What to do. Return the following from the records below: each line, word for word, starting with the line that contains "Les hommes d'Etat" and going on through the line that contains "Москва. 20 февраля.", with nothing outside that range.

• • • • •

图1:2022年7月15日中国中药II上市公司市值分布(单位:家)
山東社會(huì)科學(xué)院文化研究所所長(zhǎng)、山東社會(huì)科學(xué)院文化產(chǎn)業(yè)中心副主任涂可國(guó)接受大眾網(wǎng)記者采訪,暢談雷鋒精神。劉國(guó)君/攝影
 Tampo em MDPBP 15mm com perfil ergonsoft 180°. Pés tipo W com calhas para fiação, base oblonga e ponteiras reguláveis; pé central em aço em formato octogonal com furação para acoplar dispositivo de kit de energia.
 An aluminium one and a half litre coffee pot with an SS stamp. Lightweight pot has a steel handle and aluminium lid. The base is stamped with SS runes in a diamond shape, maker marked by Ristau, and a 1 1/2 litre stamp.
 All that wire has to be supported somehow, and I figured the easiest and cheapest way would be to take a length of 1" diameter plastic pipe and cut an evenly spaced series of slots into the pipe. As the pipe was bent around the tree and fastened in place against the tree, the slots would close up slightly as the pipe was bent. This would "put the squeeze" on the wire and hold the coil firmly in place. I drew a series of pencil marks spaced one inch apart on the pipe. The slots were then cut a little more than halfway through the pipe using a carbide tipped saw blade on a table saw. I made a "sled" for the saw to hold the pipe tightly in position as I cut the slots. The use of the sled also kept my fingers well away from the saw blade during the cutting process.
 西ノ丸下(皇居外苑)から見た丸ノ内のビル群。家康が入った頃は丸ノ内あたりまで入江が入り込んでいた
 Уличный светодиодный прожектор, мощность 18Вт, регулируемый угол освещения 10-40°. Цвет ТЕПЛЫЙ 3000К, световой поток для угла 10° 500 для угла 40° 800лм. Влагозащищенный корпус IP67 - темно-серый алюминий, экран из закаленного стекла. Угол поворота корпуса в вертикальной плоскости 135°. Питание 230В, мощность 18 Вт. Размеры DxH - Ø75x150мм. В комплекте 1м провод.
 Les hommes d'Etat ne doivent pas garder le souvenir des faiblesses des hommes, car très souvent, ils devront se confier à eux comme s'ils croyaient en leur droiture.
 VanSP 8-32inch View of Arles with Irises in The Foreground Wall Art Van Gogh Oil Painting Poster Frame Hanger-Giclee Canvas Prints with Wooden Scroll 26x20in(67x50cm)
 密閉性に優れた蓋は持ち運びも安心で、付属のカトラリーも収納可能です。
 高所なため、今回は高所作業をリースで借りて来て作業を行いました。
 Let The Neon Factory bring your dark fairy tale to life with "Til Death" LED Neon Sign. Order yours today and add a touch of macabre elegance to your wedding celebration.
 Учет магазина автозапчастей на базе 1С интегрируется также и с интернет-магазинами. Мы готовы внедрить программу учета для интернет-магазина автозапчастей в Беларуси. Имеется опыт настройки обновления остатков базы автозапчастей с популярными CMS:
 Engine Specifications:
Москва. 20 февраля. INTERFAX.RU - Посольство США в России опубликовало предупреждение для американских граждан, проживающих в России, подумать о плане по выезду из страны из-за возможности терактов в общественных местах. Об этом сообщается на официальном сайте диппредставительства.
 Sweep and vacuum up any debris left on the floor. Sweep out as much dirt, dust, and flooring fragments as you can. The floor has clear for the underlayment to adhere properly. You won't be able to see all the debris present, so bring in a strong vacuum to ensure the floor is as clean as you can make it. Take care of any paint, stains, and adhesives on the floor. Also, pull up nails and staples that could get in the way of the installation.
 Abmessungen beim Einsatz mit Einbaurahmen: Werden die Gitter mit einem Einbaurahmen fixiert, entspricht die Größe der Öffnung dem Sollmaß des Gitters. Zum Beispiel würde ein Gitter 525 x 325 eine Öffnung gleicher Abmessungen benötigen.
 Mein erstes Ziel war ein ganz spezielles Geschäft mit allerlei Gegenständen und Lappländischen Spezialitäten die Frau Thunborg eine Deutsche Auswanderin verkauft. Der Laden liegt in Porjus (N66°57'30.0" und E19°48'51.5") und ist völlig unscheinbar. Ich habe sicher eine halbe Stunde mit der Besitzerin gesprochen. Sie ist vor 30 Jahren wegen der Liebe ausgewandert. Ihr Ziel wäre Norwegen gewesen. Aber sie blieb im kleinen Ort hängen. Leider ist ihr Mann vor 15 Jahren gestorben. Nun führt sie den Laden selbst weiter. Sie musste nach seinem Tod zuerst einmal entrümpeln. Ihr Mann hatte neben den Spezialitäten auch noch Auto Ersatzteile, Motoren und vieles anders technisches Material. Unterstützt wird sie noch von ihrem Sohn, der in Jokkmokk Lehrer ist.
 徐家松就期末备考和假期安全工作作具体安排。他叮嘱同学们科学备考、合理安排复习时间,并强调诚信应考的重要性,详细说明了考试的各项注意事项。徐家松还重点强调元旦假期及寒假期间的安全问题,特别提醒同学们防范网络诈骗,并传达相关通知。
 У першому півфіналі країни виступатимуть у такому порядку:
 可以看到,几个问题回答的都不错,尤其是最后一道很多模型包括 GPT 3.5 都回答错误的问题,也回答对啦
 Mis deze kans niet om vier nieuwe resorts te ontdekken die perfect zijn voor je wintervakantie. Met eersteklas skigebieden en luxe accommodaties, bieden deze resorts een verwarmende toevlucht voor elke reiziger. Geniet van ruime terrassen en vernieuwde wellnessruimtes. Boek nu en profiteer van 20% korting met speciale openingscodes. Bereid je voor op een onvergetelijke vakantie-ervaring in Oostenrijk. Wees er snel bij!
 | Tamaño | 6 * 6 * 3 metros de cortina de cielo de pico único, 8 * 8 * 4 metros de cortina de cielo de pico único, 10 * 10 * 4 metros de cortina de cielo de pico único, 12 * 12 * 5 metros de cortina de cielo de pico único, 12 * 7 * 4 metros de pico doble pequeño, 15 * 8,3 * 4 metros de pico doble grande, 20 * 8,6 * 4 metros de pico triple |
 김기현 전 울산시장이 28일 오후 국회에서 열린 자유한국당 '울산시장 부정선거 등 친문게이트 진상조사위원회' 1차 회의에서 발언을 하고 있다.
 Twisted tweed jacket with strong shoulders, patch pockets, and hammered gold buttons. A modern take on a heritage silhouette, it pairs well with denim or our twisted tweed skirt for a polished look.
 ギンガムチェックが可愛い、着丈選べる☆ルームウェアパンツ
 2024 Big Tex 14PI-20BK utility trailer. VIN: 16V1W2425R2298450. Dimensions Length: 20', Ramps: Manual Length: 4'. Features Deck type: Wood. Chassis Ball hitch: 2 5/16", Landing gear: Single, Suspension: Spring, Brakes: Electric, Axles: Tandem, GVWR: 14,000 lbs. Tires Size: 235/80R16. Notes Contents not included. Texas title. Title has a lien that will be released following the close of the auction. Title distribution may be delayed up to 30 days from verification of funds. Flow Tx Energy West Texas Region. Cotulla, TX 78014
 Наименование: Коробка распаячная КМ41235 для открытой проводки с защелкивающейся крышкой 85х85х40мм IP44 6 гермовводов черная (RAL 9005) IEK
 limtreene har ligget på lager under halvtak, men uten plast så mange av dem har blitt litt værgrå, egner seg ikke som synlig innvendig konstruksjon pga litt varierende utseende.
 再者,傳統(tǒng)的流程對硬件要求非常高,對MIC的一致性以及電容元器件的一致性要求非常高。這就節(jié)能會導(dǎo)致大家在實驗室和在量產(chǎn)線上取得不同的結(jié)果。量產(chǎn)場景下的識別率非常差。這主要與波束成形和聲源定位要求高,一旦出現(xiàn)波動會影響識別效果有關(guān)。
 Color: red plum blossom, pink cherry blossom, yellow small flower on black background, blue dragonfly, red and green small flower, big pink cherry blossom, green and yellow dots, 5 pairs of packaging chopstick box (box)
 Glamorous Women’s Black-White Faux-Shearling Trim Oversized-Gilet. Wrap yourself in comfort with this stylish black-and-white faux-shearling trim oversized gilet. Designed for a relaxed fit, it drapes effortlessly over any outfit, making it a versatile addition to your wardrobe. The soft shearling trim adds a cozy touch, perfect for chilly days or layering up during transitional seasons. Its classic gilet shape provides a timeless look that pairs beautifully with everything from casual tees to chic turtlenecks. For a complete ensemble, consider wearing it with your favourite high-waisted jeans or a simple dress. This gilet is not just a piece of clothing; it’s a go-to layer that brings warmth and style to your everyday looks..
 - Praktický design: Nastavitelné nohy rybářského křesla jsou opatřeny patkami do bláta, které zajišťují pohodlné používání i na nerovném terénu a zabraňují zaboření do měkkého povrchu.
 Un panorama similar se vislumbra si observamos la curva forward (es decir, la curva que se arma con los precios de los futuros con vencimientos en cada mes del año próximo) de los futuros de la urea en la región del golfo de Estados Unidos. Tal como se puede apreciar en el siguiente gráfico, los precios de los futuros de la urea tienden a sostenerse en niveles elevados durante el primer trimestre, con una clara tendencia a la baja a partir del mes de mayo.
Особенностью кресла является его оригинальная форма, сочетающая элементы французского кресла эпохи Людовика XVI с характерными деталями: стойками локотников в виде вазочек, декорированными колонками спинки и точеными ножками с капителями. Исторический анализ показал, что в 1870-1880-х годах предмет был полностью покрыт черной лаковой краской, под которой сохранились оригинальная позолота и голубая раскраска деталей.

• • • • •

Written solution.
 Les hommes d'Etat ne doivent pas garder le souvenir des faiblesses des hommes, car très souvent, ils devront se confier à eux comme s'ils croyaient en leur droiture.
 VanSP 8-32inch View of Arles with Irises in The Foreground Wall Art Van Gogh Oil Painting Poster Frame Hanger-Giclee Canvas Prints with Wooden Scroll 26x20in(67x50cm)
 密閉性に優れた蓋は持ち運びも安心で、付属のカトラリーも収納可能です。
 高所なため、今回は高所作業をリースで借りて来て作業を行いました。
 Let The Neon Factory bring your dark fairy tale to life with "Til Death" LED Neon Sign. Order yours today and add a touch of macabre elegance to your wedding celebration.
 Учет магазина автозапчастей на базе 1С интегрируется также и с интернет-магазинами. Мы готовы внедрить программу учета для интернет-магазина автозапчастей в Беларуси. Имеется опыт настройки обновления остатков базы автозапчастей с популярными CMS:
 Engine Specifications:
Москва. 20 февраля. INTERFAX.RU - Посольство США в России опубликовало предупреждение для американских граждан, проживающих в России, подумать о плане по выезду из страны из-за возможности терактов в общественных местах. Об этом сообщается на официальном сайте диппредставительства.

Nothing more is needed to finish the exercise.